The Navy installed broadcasting lines that connected to Washington D.C., and could be utilized for Trans-Atlantic radio communication. The most notable Trans-Atlantic communication came about when President Woodrow Wilson was able to converse through an overseas connection with the Italian Minister of Communications in Rome. Around this same time, they placed more wiring underneath the Shark River in order to improve connectivity and reception for transmission.

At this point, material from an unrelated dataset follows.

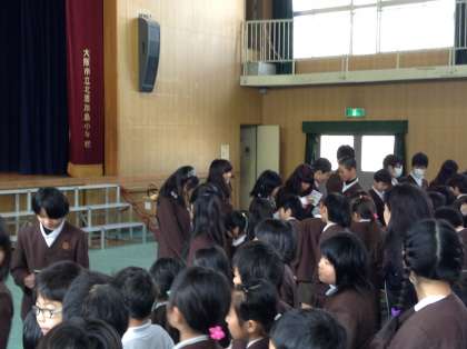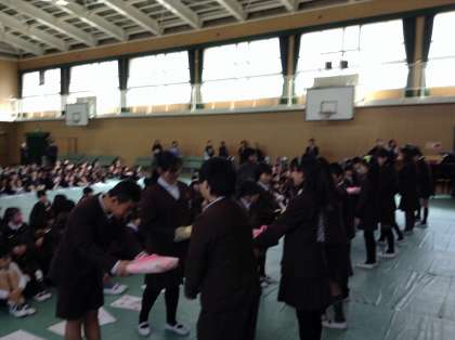 6年生の歌が終わると、ハッピーグループのみんなからプレゼントをもらいました。もちろん6年生から各クラスへのプレゼントも渡しました。

When World War I concluded the American Marconi Company or the Marconi Wireless Telegraph Company of America, as it became known, was sold to a company called RCA. RCA is a media giant today, but the company's current owner is the General Electric Corporation. Its most popular notoriety today is their media electronics and recording labels. When the company sold to RCA, they meshed all the station's transmissions and receptions into one station in New York. This eliminated the need for any type of radio or communication work at the Belmar Station and for a time quieted the work at the site. Even though New Brunswick, however useful it was for transmitting communication to the United Kingdom in the World Wars, fell silent as well.

The Station went through different changes during the times between 1925 and 1941. During a minor era in the history of the Belmar Station, a group called the Pleasure Seekers Club occupied the camp's premises between the years 1925 and 1935. The group's records are very vague and not much information is prevalent. Within the year 1936 a Christian group, called the Young People's Association for the Propagation of the Gospel, purchased the land that formerly belonged to Marconi along the Shark River. Following in the year 1938, Dr. Percy B. Crawford created King's College in Belmar, New Jersey. This was a four-year Christian college that taught Biblical doctrine to their higher education students, but was not exclusively of a religious nature. The school did not teach broader subjects of an artistic or scientific basis. The college eventually moved to the Briarcliff Manor in New York. The King's College remains in existence, and still functions with offices that remain at the Empire State Building in New York City. They offer courses in Business Management, Philosophy, Economics, and many other degree programs, but they still maintain a theology institution within the college's curriculum.

The US Army then commissioned the camp for use in World War II. The radar laboratory was used for research and proved invaluable during that time. Companies such as AT&T and General Electric funded the research on the camp, along with using radar to detect enemy aircraft during the war. The radar work performed at Camp Evans was considered the redeeming quality of democracy and the tool of victory during the World War II effort. Other researches, such Project Diana, were performed on the camp. Project Diana aimed to send radar signals toward the moon to see what the reflecting signals consisted of. This project is considered the precursor to interest for space exploration and was hailed as the fruition of the U.S. Space Program.

On March 31, 1942 the Belmar Station, then called the Signal Corps Radar Laboratory, named its radar lab and property Camp Evans after the deceased Lieutenant Colonel Paul W. Evans. Evans originally hailed from Ohio and served in the Coast Artillery of the Army. Today the surrounding area near and around the camp retains the name Evans Area. The camp remained a top-secret research and development facility from 1941 to as recently as 1998. Camp Evans is considered to be a landmark of historical significance by the National Registry of Historic Places. Today Camp Evans is the Infoage Science and Learning Center. This Center is a non-profit organization that provides education about information technology and remembers the pioneers that contributed toward the progressions and innovations of communications. The Center is working to restore some of the structures and buildings that remain on the camp. This historical landmark gave birth to the most poignant and important scientific breakthroughs during the information age. This expanse of land needs preservation so that future generations can learn about the evolution of technology and the roots of the information era in America.